When I implement code for one paricular value of state name (see Last_ residence in code)
andhrapradesh.query('Duration_of_residence=="All durations of residence" & Last_residence_R_or_U=="Urban" & Last_residence=="Jammu & Kashmir"',inplace=True)
print(andhrapradesh['Total_migrants'].sum())
It gives desired sum of outflow value for that state from pandas csv.

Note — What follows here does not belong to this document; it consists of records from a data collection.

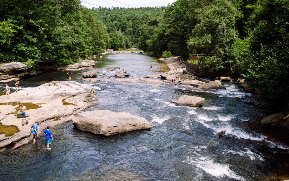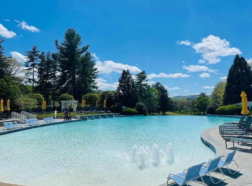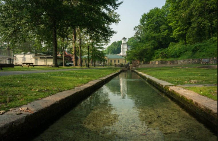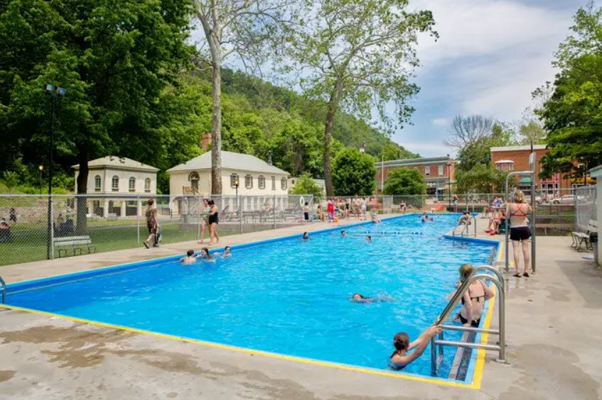 Berkeley Springs State Park in West Virginia features a historic swimming pool filled with natural spring water flowing constantly at about 74 degrees Fahrenheit.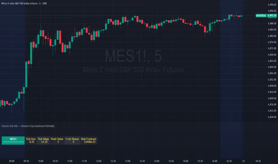 This is a simple dashboard that shows the novice future trade the necessary info about the info about the Micro on mini futures contract they are thinking about trading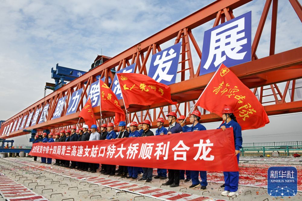 ↑ 10月30日,中铁十四局建设者在青兰高速公路双埠至河套段女姑口特大桥合龙现场庆祝。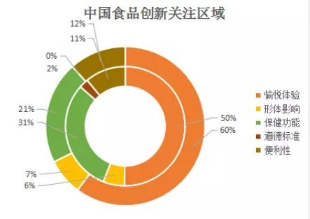 对于吃,全球的吃货似乎都有一个共识,就是要吃得开心。根据报告,为了让消费者的多种感官都能体验到喜悦,全球各个国家创新食品中,50.2%的创新食品都主张消费者的愉悦体验。在中国,这个比例高达60.2%,全球最高。多种感官体验,比如新的口味和口感,依然是最主要的趋势,对口感丰富的追求也依然势头强劲。

But when I tried to calculate for all possible names of state it's giving me error "UndefinedVariableError: name 'Jammu & Kashmir' is not defined"
states = ["Jammu & Kashmir","Punjab",'Himachal Pradesh']
for name in states:
andhrapradesh.query(f'Duration_of_residence=="All durations of residence" & Last_residence_R_or_U=="Urban" & Last_residence=={name}',inplace=True)
print(andhrapradesh['Total_migrants'].sum())
can you please figure out why it showing error and how can I do it for all values in list states.
CodePudding user response:
You need quotes around name
like you had in your manual code:
df.query(f"... Last_residence == \"{name}\"")
so that it is seen as, e.g., "Punjab"
as a string to check against but not bare Punjab
which is sought specially, e.g., as a column name, hence the error.
(can use single quotes too...)
However, there's a better way: you can prefix a variable with @
symbol, so you don't even need the f-string:
df.query("... Last_residence == @name")